Below are entries with pictures among them; reproduce exactly, and only, the lines from the one containing "Long Drop Schoolhouse" down to the one containing "从鞋面编织纹理可以看出此次选用的是最新的 Ultra Boost", without the pictures.

Records for the task:
+===+

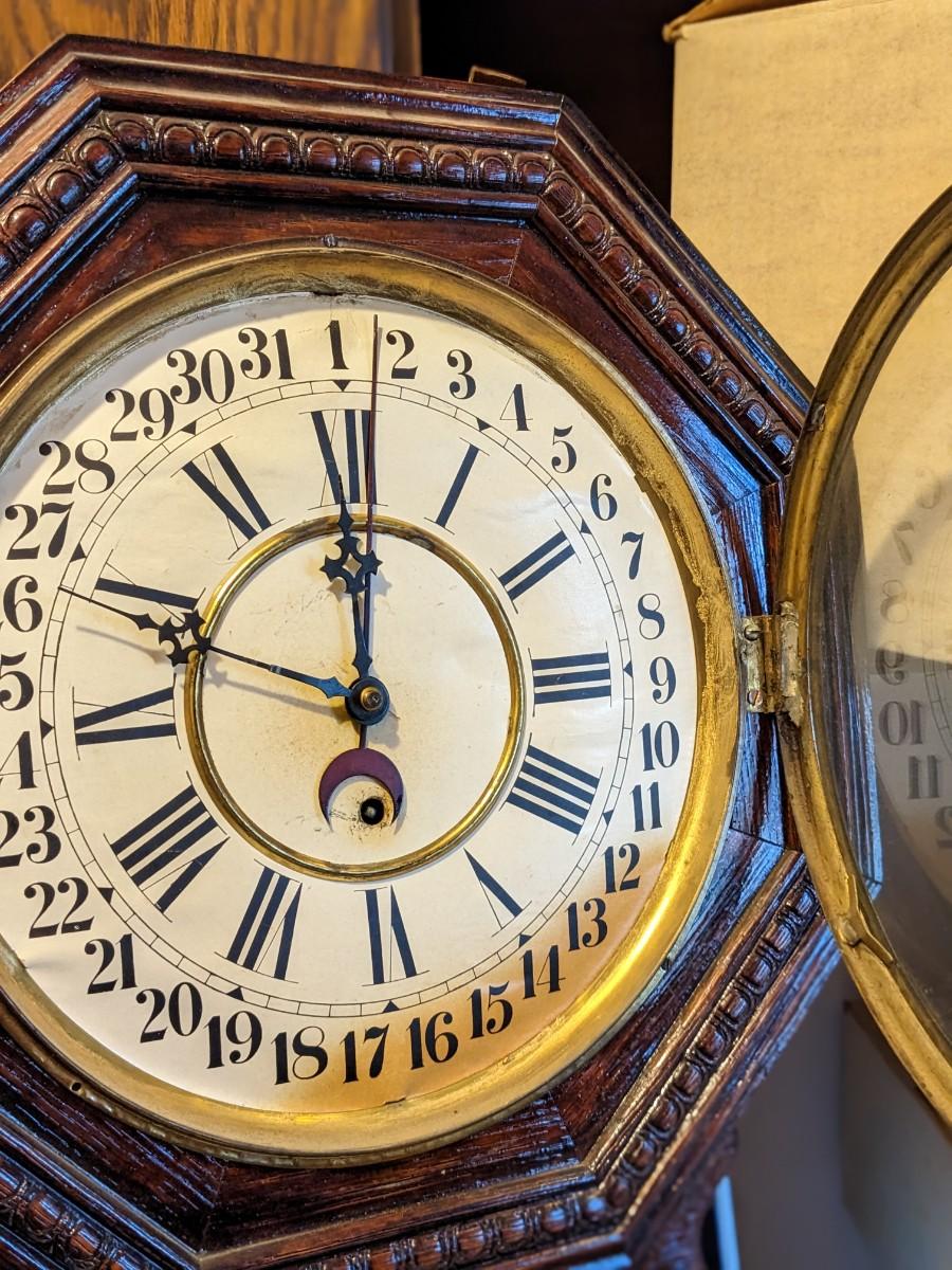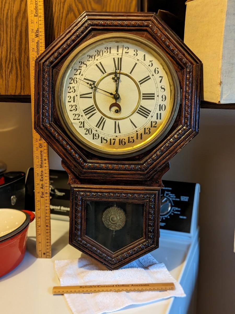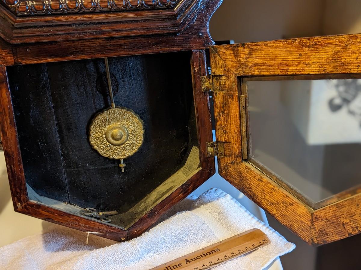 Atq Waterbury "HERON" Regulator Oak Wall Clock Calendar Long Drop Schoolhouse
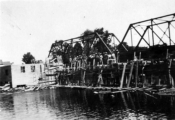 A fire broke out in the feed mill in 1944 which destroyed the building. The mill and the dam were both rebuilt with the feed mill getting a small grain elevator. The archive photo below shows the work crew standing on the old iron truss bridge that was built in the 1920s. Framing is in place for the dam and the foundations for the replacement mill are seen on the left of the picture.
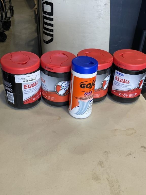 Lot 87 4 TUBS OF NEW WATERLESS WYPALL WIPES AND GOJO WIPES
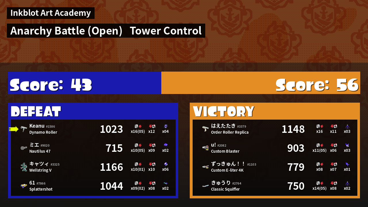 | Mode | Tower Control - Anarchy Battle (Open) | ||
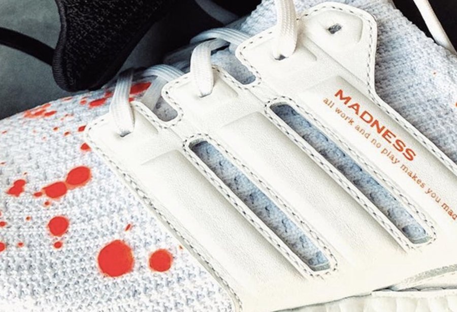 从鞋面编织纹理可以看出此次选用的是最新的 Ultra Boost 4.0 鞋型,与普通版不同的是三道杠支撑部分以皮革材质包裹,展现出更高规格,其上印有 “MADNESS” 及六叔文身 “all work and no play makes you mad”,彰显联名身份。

+===+

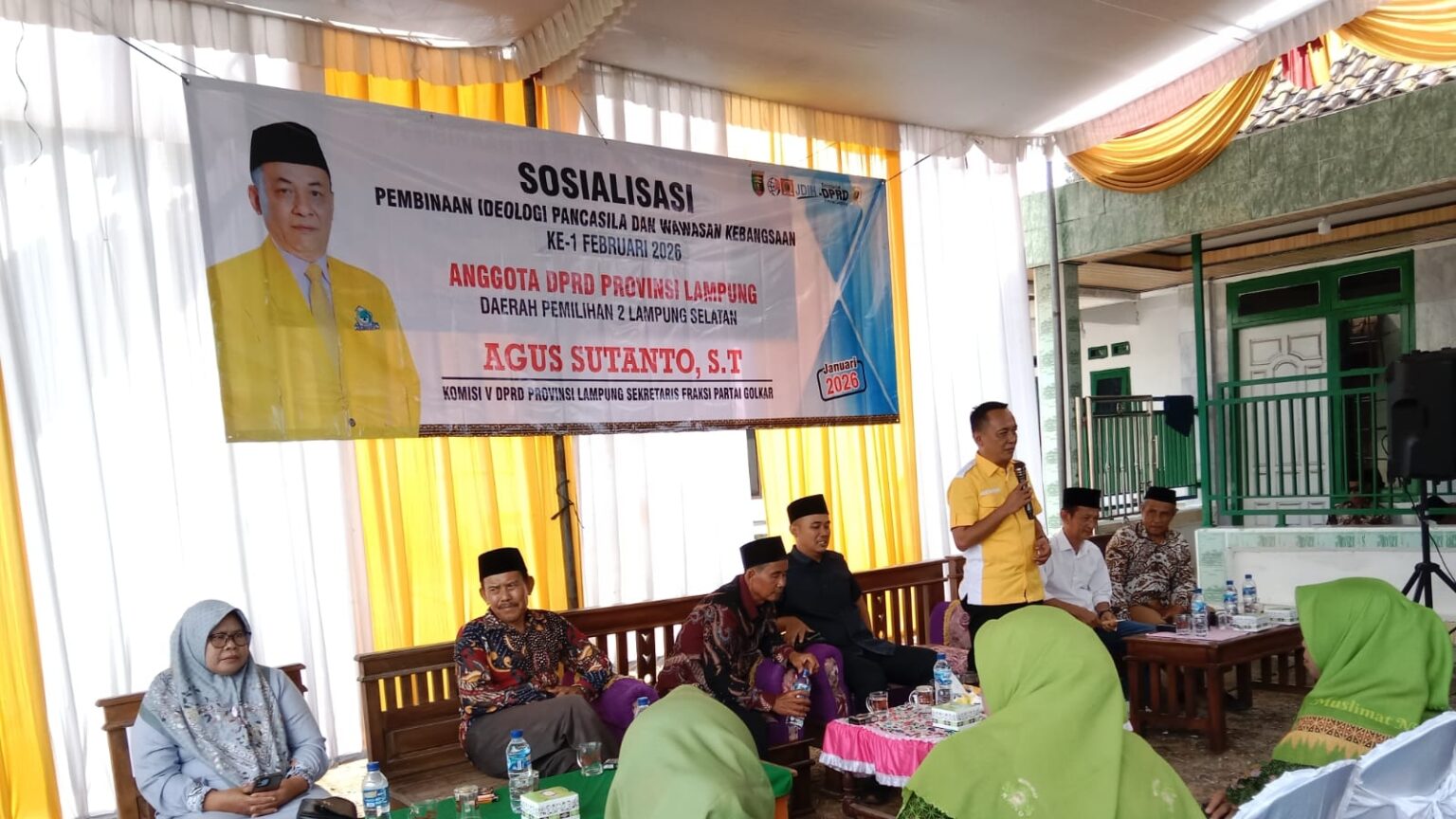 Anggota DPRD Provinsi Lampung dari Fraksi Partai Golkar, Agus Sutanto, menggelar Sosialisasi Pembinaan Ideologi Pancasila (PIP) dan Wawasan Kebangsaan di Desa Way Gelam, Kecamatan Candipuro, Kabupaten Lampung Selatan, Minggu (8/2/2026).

+===+

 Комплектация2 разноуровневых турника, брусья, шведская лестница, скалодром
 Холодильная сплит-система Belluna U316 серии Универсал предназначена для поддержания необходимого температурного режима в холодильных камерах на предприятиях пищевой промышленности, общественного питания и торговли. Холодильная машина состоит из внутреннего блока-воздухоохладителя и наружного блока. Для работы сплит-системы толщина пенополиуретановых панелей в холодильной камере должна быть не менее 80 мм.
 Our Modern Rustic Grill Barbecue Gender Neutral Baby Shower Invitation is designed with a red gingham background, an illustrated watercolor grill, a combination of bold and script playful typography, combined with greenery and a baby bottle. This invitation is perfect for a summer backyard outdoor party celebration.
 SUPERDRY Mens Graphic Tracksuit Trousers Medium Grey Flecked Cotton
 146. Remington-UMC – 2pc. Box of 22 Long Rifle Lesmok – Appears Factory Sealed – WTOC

+===+

Written response:
 Atq Waterbury "HERON" Regulator Oak Wall Clock Calendar Long Drop Schoolhouse
 A fire broke out in the feed mill in 1944 which destroyed the building. The mill and the dam were both rebuilt with the feed mill getting a small grain elevator. The archive photo below shows the work crew standing on the old iron truss bridge that was built in the 1920s. Framing is in place for the dam and the foundations for the replacement mill are seen on the left of the picture.
 Lot 87 4 TUBS OF NEW WATERLESS WYPALL WIPES AND GOJO WIPES
 | Mode | Tower Control - Anarchy Battle (Open) | ||
 从鞋面编织纹理可以看出此次选用的是最新的 Ultra Boost 4.0 鞋型,与普通版不同的是三道杠支撑部分以皮革材质包裹,展现出更高规格,其上印有 “MADNESS” 及六叔文身 “all work and no play makes you mad”,彰显联名身份。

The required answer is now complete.